* WHAT YOU WILL DO *
The whole listing is to be given again without alteration, except that its pictures are dropped.
___ DATA FOR THE TASK
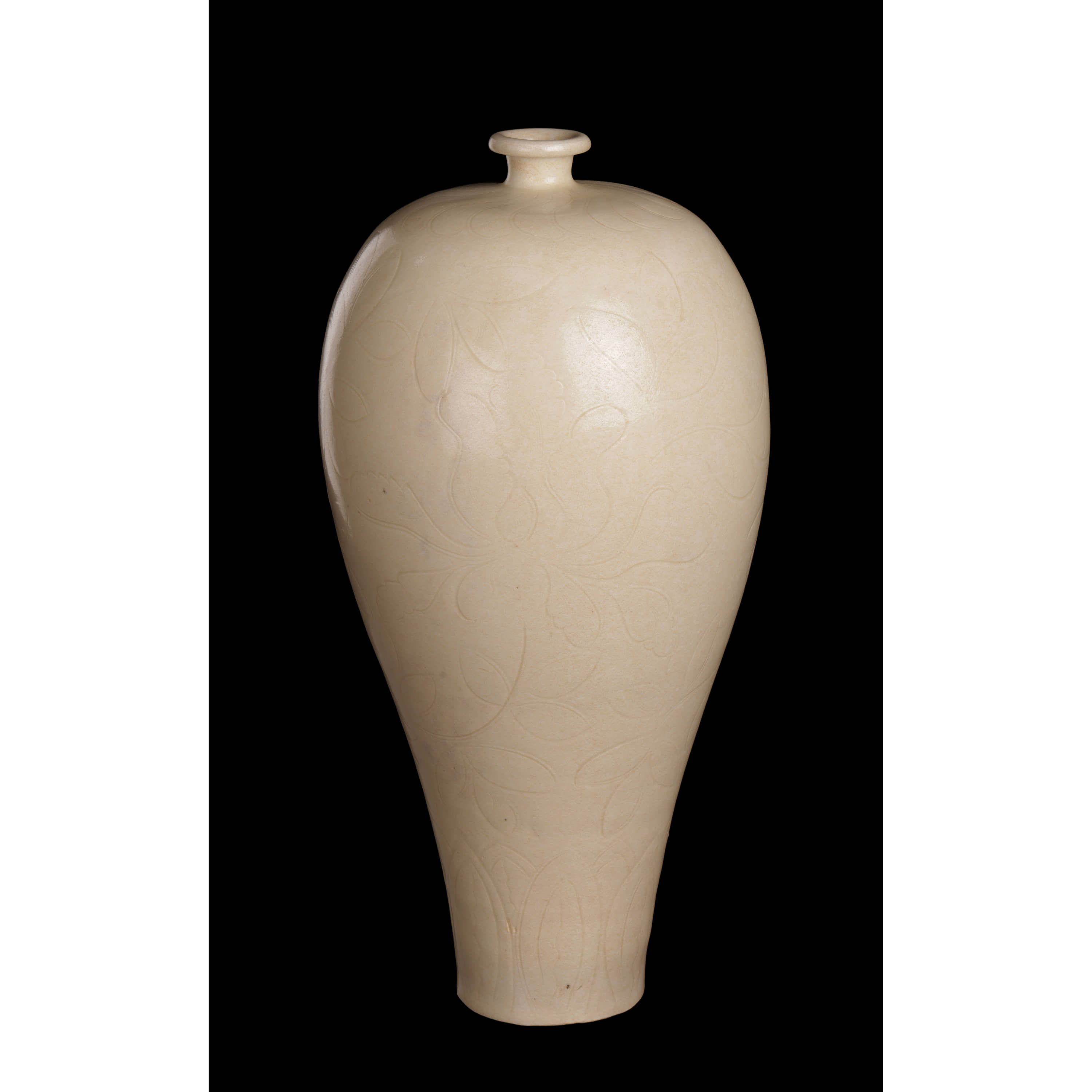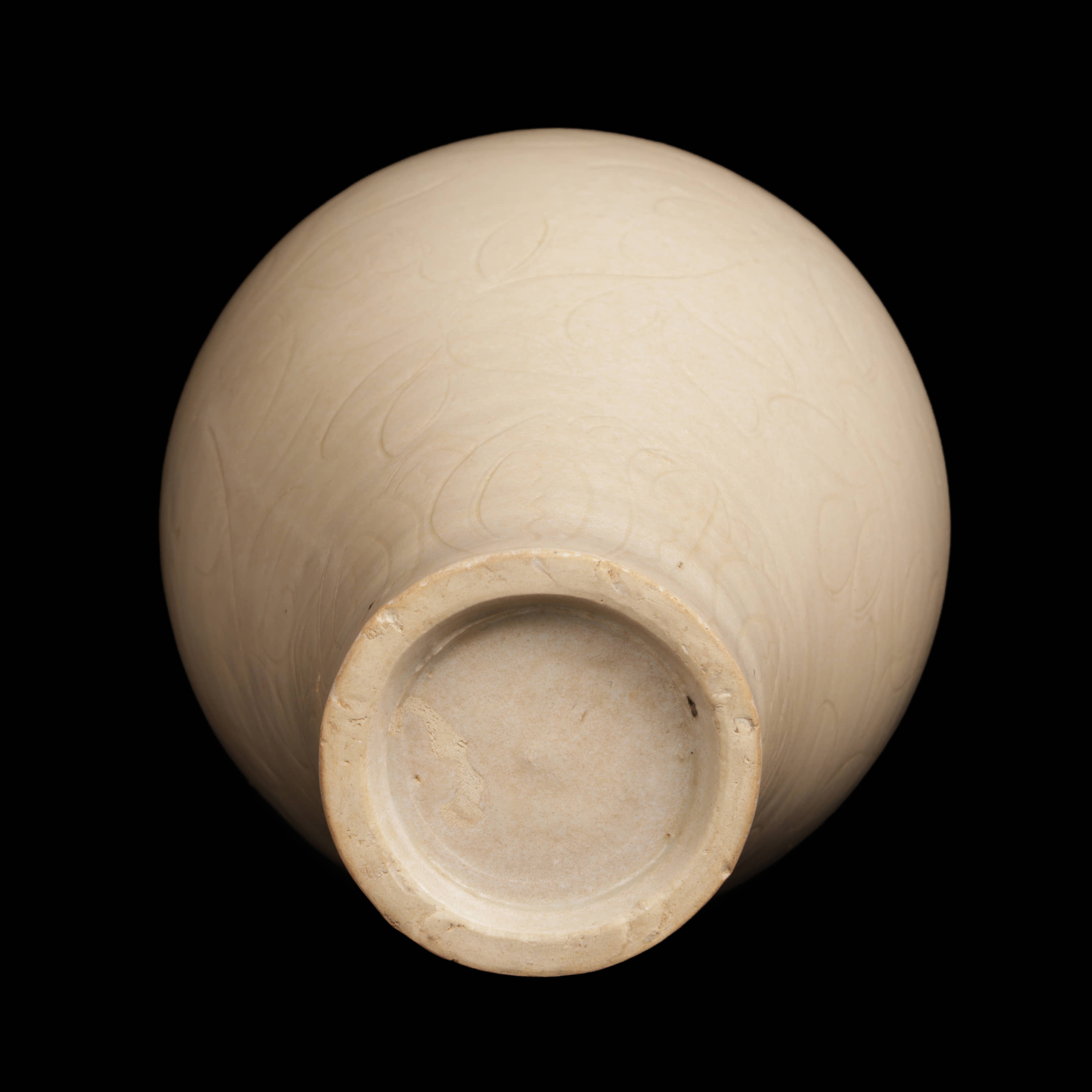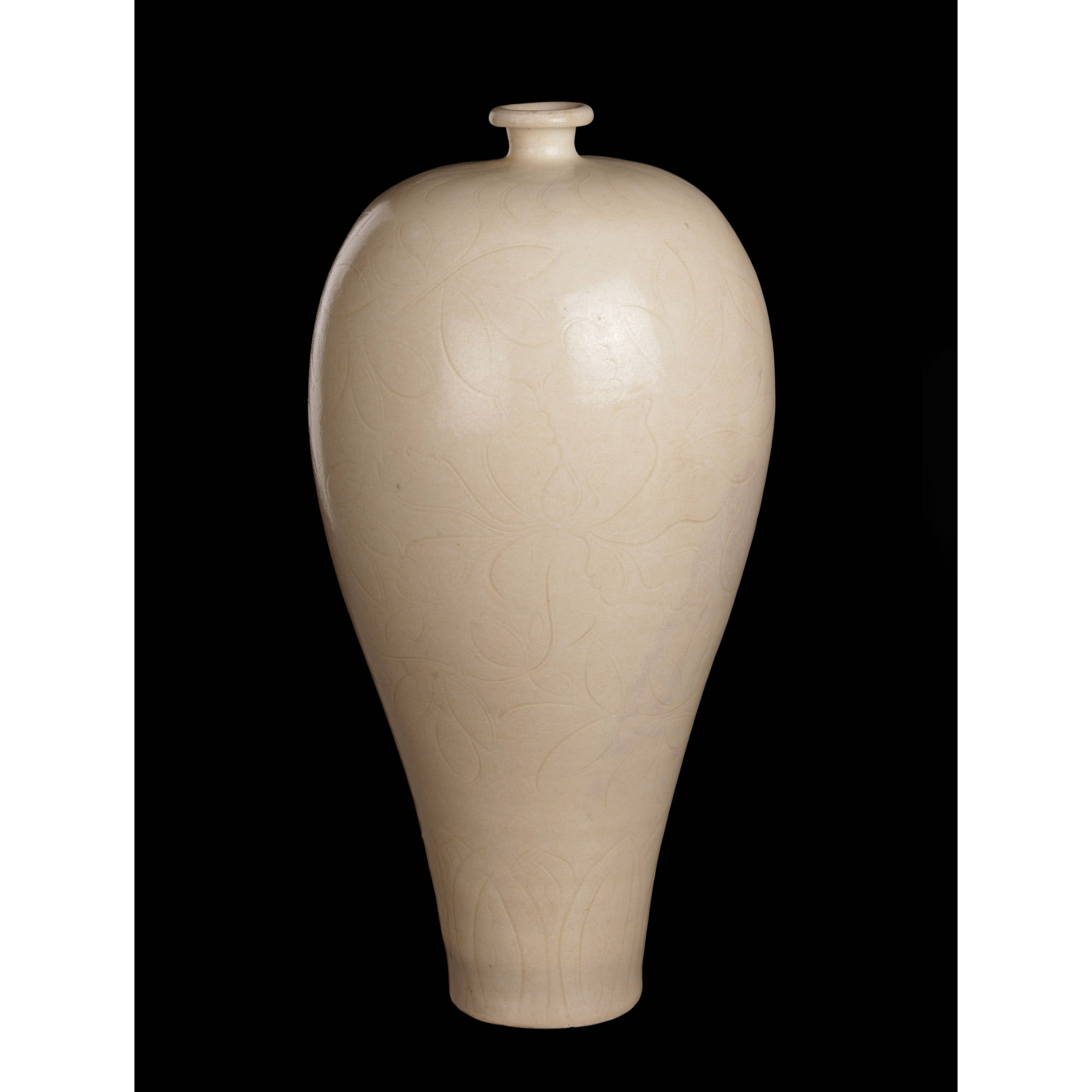 定窯劃花蓮紋梅瓶,是宋代定窯梅瓶的標準式樣,器形端莊,線條曼妙,小口、短頸、豐肩,肩下漸收斂,圈足。器身以劃花為飾,主紋為折枝蓮花,輔以蓮瓣紋,通體施牙白釉,白中閃黃,釉質瑩潤,肩部刻劃菊瓣紋一周,腹部刻纏枝蓮紋,脛部刻上仰蕉葉紋,刻花清晰,刀法婉轉,深淺不一,特別是所刻蓮花,簡潔典雅,線條流暢,顯示刻花技術的嫻熟。足緣無釉。
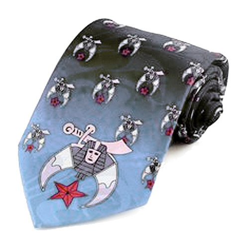 One Shriners necktie has a pattern of small Shriner emblems on a black background that shades to gray near the bottom. A large emblem, known as the crescent and scimitar, centers in the bottom of the tie. Made of 100% polyester, the Shriner neckties use a jacquard weave that adds a subtle dressy swirl to the fabric. Choose these wholesale Shriner neckties for members shopping with you that want to display pride in their fraternity. This novelty tie has a standard length of approximately 58" inches and about 3" in width. Great gift / masonic lodge regalia
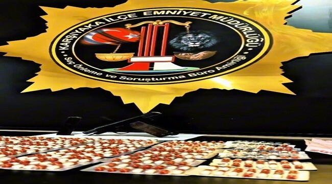 İl Emniyet Müdürlüğü Narkotik Suçlarla Mücadele Şube ile Karşıyaka İlçe Emniyet Müdürlüğü ekipleri tarafından 22-27 Mart tarihleri arasında uyuşturucuyla mücadele kapsamında çalışmalar yapıldı. Polis ekiplerince Örnekköy ve Cumhuriyet Mahallelerinde uyuşturucu madde ticareti yaptığı tespit edilen şahıslara ait adreslerde baskın düzenlenirken yapılan aramalarda 9 bin 811 adet gerica sentetik uyuşturucu hap ve 1 adet ruhsatsız tabanca ele geçirildi. Operasyonlar kapsamında gözaltına alınan 5 şüpheli emniyetteki işlemlerinin ardından adliyeye sevk edildi. Şüphelilerden H.V.(29), S.D.(24) ve A.A.(24) çıkarıldıkları mahkemece adli kontrol şartıyla serbest bırakılırken E.B.(29) ve D.A.(34) tutuklanarak cezaevine gönderildi.
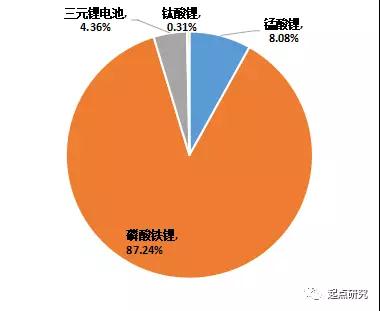 其中磷酸鐵鋰電池裝機量的新能源客車市場占比87.24%,錳酸鋰電池裝機量的新能源客車市場占比8.08%,三元鋰電池裝機量的新能源客車市場占比4.36%,鈦酸鋰電池裝機量的新能源客車裝機量市場占比為0.31%
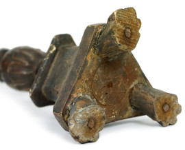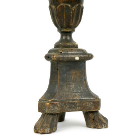 Candeliere in legno scolpito ed intagliato, XIX secolo, cm h 41,5
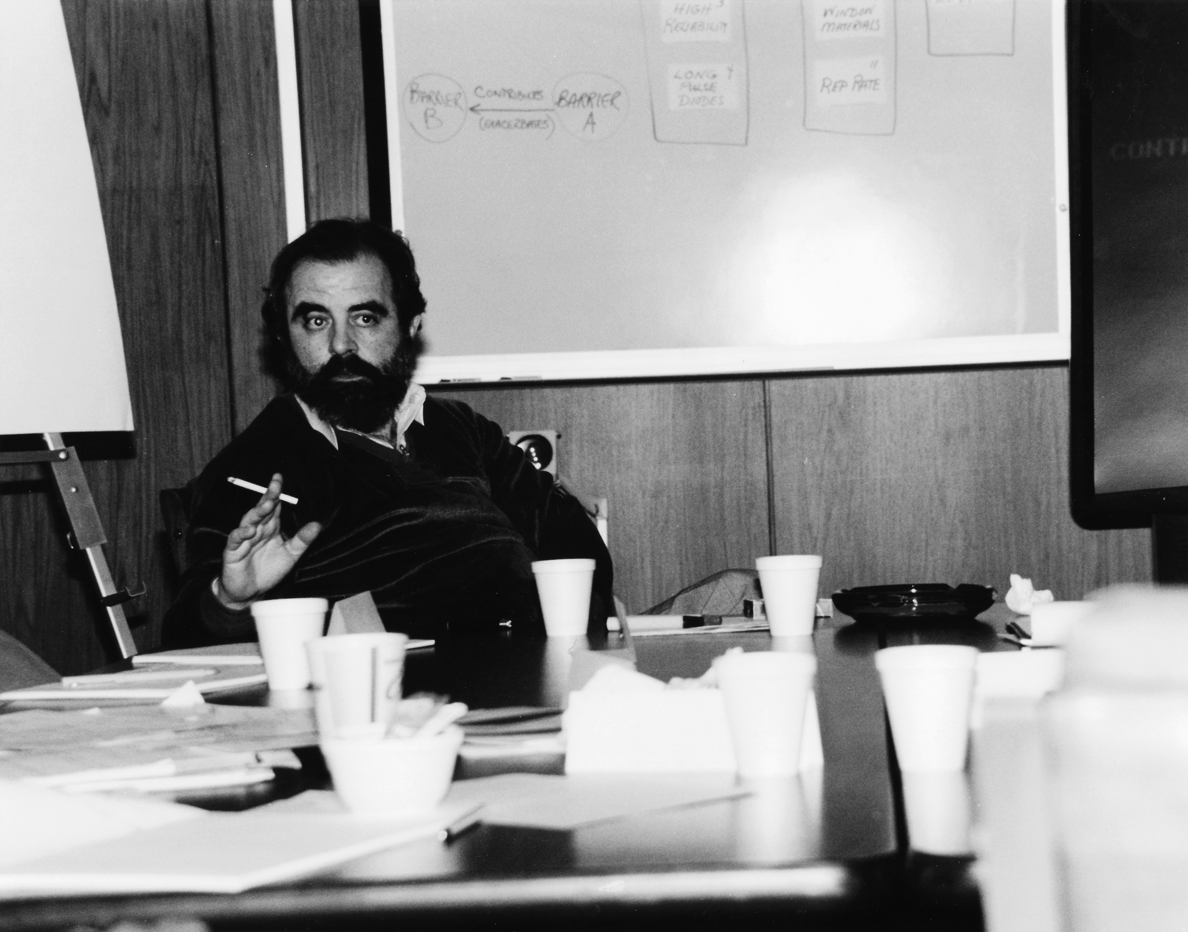 Alexander Christakis, Director of the Center for Interactive Management, leads an IM session in 1984 with the Naval Surface Weapons Center.
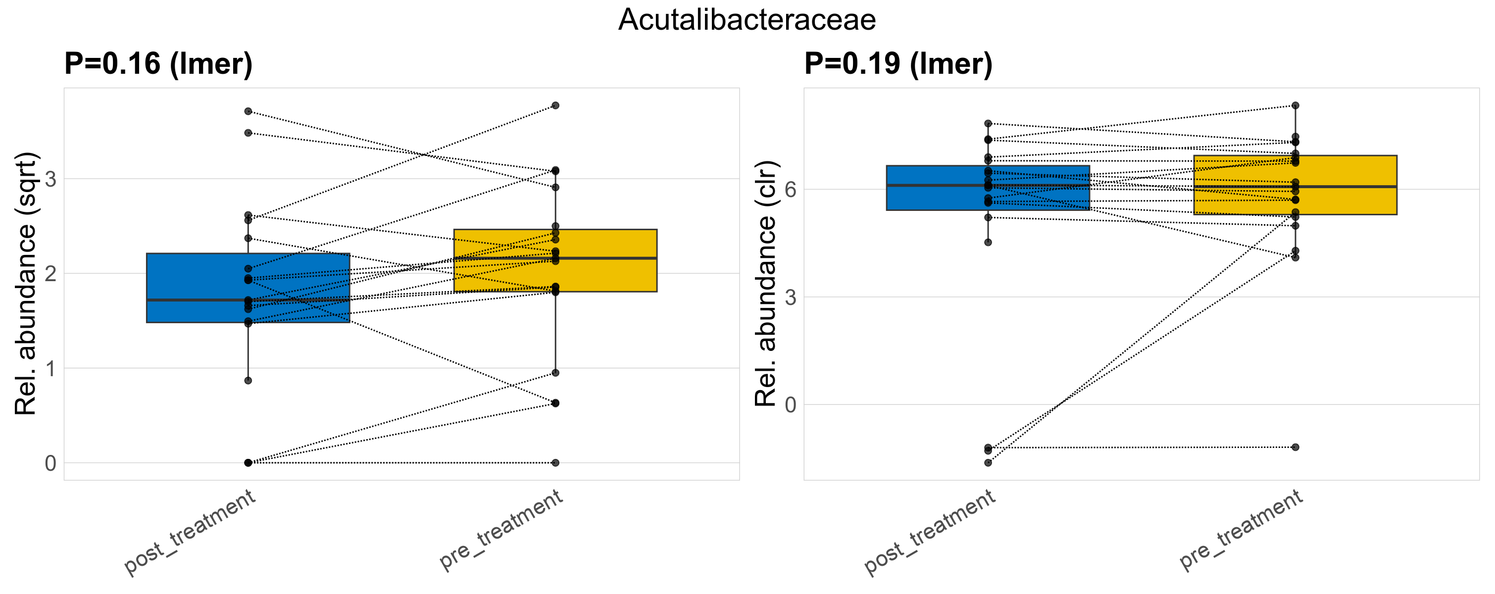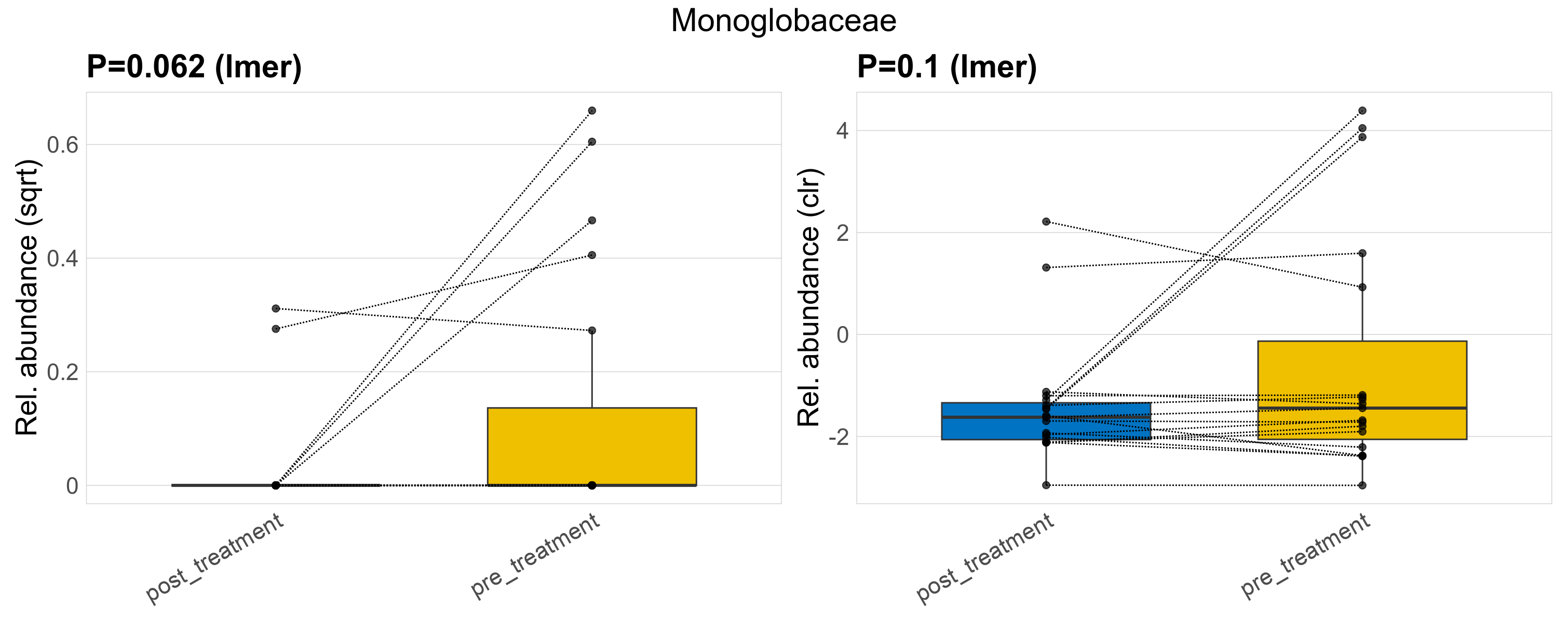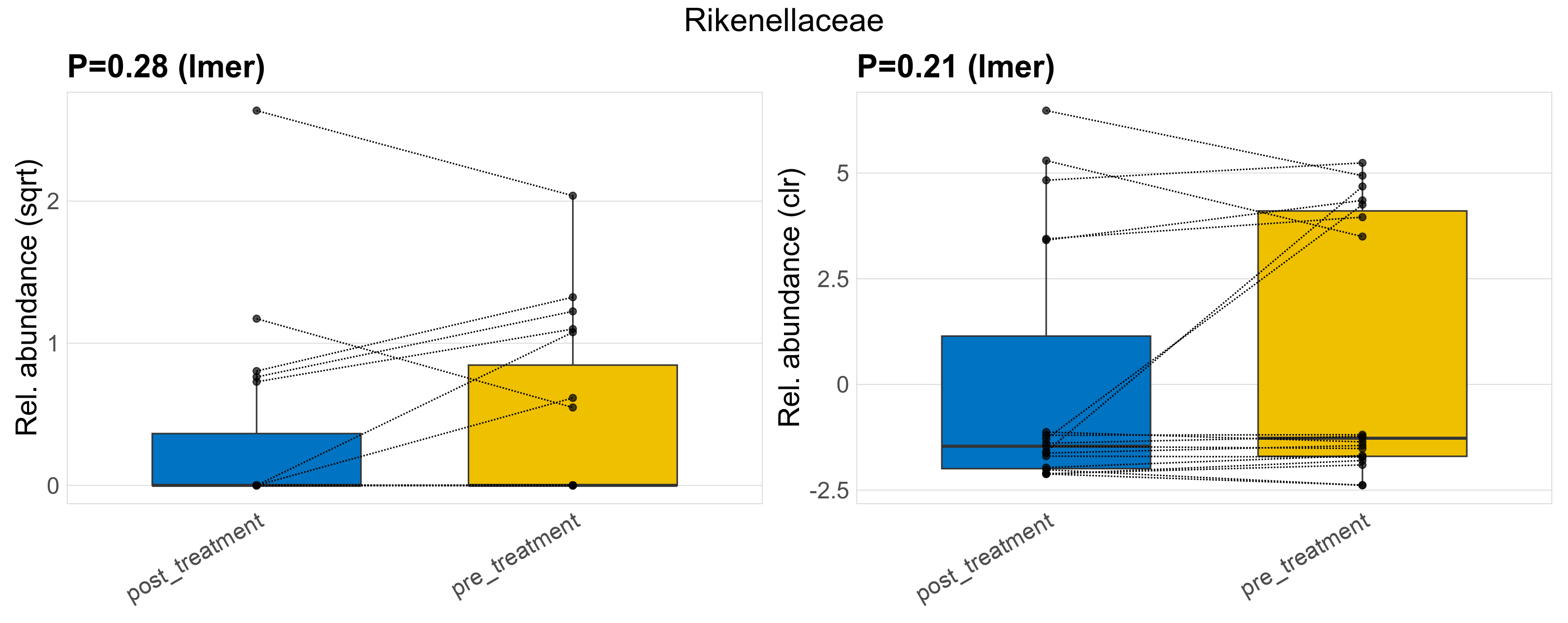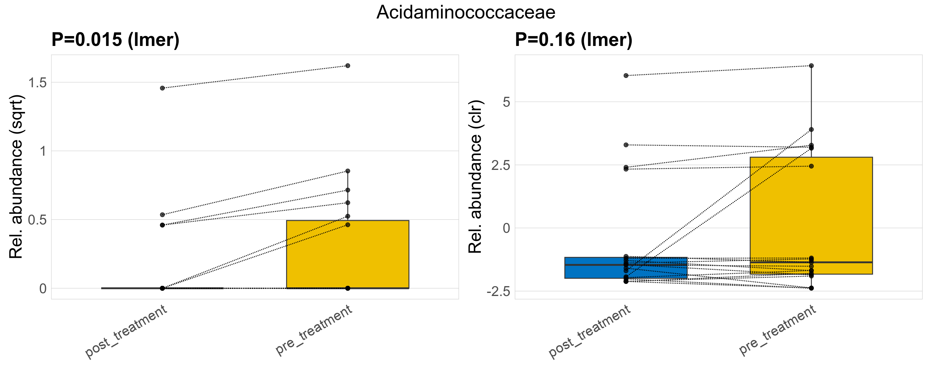 P lmer condition effect (sqrt): Differentially abundant species were identified by linear mixed effect regression without confounders. Random effects: Participant (intercept). Fixed effects: Treatment. Effect tested: Treatment.
______
* WRITTEN RESPONSE *
 定窯劃花蓮紋梅瓶,是宋代定窯梅瓶的標準式樣,器形端莊,線條曼妙,小口、短頸、豐肩,肩下漸收斂,圈足。器身以劃花為飾,主紋為折枝蓮花,輔以蓮瓣紋,通體施牙白釉,白中閃黃,釉質瑩潤,肩部刻劃菊瓣紋一周,腹部刻纏枝蓮紋,脛部刻上仰蕉葉紋,刻花清晰,刀法婉轉,深淺不一,特別是所刻蓮花,簡潔典雅,線條流暢,顯示刻花技術的嫻熟。足緣無釉。
 One Shriners necktie has a pattern of small Shriner emblems on a black background that shades to gray near the bottom. A large emblem, known as the crescent and scimitar, centers in the bottom of the tie. Made of 100% polyester, the Shriner neckties use a jacquard weave that adds a subtle dressy swirl to the fabric. Choose these wholesale Shriner neckties for members shopping with you that want to display pride in their fraternity. This novelty tie has a standard length of approximately 58" inches and about 3" in width. Great gift / masonic lodge regalia
 İl Emniyet Müdürlüğü Narkotik Suçlarla Mücadele Şube ile Karşıyaka İlçe Emniyet Müdürlüğü ekipleri tarafından 22-27 Mart tarihleri arasında uyuşturucuyla mücadele kapsamında çalışmalar yapıldı. Polis ekiplerince Örnekköy ve Cumhuriyet Mahallelerinde uyuşturucu madde ticareti yaptığı tespit edilen şahıslara ait adreslerde baskın düzenlenirken yapılan aramalarda 9 bin 811 adet gerica sentetik uyuşturucu hap ve 1 adet ruhsatsız tabanca ele geçirildi. Operasyonlar kapsamında gözaltına alınan 5 şüpheli emniyetteki işlemlerinin ardından adliyeye sevk edildi. Şüphelilerden H.V.(29), S.D.(24) ve A.A.(24) çıkarıldıkları mahkemece adli kontrol şartıyla serbest bırakılırken E.B.(29) ve D.A.(34) tutuklanarak cezaevine gönderildi.
 其中磷酸鐵鋰電池裝機量的新能源客車市場占比87.24%,錳酸鋰電池裝機量的新能源客車市場占比8.08%,三元鋰電池裝機量的新能源客車市場占比4.36%,鈦酸鋰電池裝機量的新能源客車裝機量市場占比為0.31%
 Candeliere in legno scolpito ed intagliato, XIX secolo, cm h 41,5
 Alexander Christakis, Director of the Center for Interactive Management, leads an IM session in 1984 with the Naval Surface Weapons Center.
 P lmer condition effect (sqrt): Differentially abundant species were identified by linear mixed effect regression without confounders. Random effects: Participant (intercept). Fixed effects: Treatment. Effect tested: Treatment.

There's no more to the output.